### Exercise brief
Pull out every line below holding the word "into".

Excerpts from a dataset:

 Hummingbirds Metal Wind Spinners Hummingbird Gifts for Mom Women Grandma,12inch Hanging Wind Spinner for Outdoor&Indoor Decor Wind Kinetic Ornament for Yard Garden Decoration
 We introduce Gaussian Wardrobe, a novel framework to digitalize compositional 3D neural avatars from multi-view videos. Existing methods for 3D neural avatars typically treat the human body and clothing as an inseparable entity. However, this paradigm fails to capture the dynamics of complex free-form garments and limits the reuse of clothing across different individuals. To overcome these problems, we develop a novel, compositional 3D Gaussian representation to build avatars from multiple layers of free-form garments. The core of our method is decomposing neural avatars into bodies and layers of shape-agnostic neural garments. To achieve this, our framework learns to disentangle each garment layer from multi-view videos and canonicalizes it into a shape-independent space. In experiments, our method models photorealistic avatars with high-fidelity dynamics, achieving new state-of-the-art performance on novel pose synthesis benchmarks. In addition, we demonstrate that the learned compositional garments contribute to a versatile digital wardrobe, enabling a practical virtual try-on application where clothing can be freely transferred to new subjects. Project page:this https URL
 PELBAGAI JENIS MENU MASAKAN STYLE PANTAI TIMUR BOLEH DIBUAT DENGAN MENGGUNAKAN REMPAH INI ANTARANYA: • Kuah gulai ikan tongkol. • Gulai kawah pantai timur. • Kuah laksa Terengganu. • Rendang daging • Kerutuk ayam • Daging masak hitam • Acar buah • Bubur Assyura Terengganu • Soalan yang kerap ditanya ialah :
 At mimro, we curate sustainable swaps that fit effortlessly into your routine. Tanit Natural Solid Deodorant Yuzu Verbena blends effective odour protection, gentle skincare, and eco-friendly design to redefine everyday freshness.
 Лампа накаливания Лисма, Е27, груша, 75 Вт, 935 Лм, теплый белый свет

---

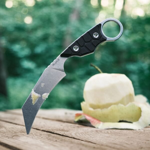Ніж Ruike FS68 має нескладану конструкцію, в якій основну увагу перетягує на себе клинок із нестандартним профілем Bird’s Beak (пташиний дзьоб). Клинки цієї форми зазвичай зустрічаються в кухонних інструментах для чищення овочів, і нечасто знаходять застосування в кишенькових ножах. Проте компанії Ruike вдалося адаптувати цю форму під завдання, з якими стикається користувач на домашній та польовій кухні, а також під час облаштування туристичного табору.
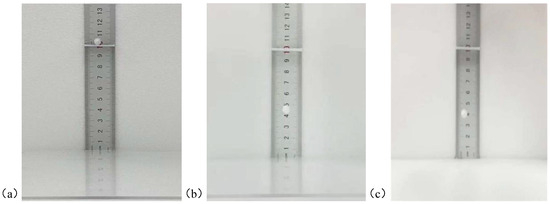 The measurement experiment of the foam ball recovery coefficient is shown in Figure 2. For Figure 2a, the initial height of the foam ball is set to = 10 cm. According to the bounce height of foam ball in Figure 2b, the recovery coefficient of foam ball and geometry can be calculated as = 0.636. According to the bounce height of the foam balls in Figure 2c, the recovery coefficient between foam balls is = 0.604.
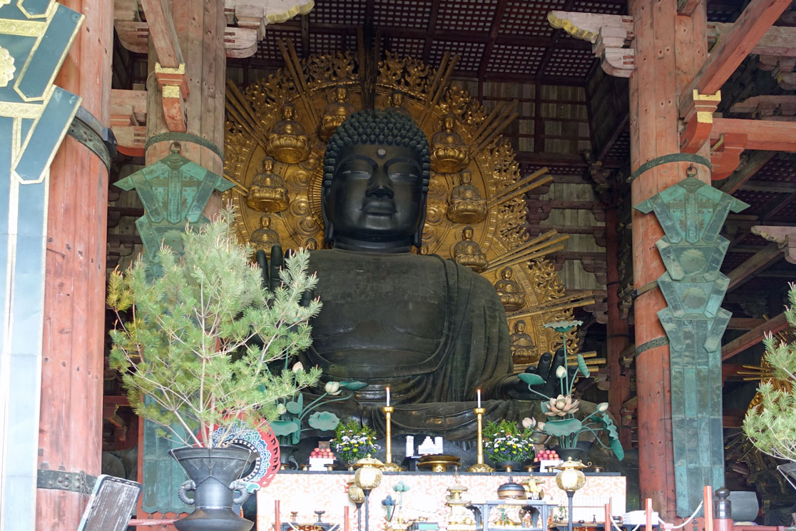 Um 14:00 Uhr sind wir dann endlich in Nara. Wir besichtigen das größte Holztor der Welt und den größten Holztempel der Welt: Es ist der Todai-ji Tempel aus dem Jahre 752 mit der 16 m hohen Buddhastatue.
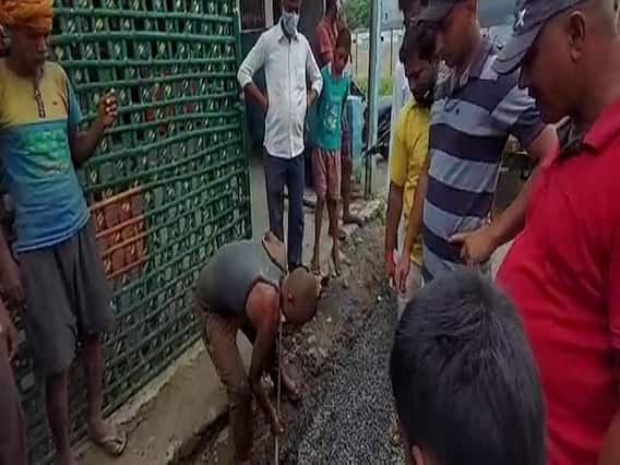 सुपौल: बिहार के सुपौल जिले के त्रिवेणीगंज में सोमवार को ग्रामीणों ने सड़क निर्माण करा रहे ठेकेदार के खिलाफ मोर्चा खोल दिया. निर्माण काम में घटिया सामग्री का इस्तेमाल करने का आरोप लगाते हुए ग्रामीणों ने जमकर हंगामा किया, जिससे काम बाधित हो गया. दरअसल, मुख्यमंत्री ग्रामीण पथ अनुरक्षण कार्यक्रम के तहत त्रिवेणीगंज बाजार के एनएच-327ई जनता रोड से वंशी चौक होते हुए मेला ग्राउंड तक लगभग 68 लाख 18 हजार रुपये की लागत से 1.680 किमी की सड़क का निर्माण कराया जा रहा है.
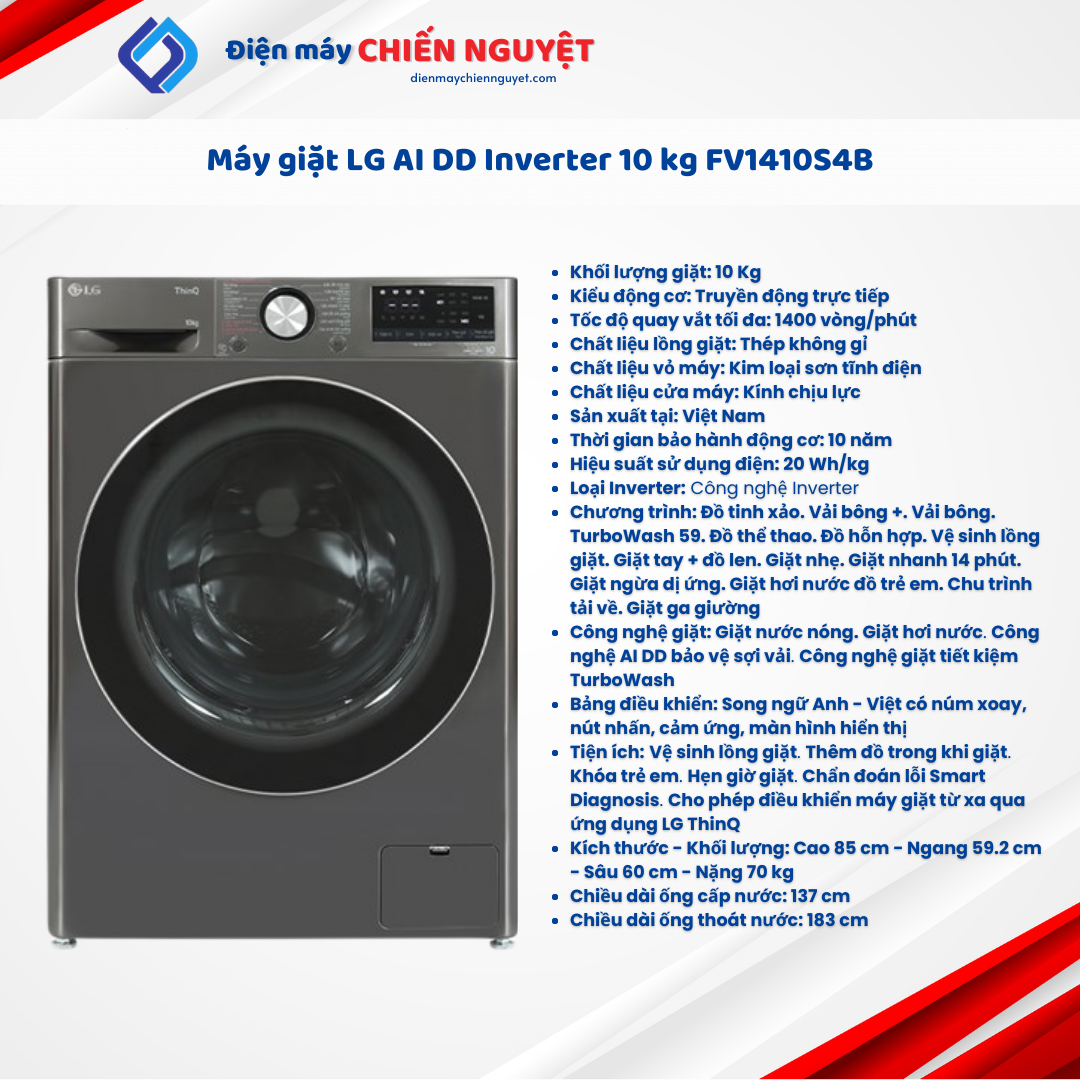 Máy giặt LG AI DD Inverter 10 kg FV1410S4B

### The answer
 We introduce Gaussian Wardrobe, a novel framework to digitalize compositional 3D neural avatars from multi-view videos. Existing methods for 3D neural avatars typically treat the human body and clothing as an inseparable entity. However, this paradigm fails to capture the dynamics of complex free-form garments and limits the reuse of clothing across different individuals. To overcome these problems, we develop a novel, compositional 3D Gaussian representation to build avatars from multiple layers of free-form garments. The core of our method is decomposing neural avatars into bodies and layers of shape-agnostic neural garments. To achieve this, our framework learns to disentangle each garment layer from multi-view videos and canonicalizes it into a shape-independent space. In experiments, our method models photorealistic avatars with high-fidelity dynamics, achieving new state-of-the-art performance on novel pose synthesis benchmarks. In addition, we demonstrate that the learned compositional garments contribute to a versatile digital wardrobe, enabling a practical virtual try-on application where clothing can be freely transferred to new subjects. Project page:this https URL
 At mimro, we curate sustainable swaps that fit effortlessly into your routine. Tanit Natural Solid Deodorant Yuzu Verbena blends effective odour protection, gentle skincare, and eco-friendly design to redefine everyday freshness.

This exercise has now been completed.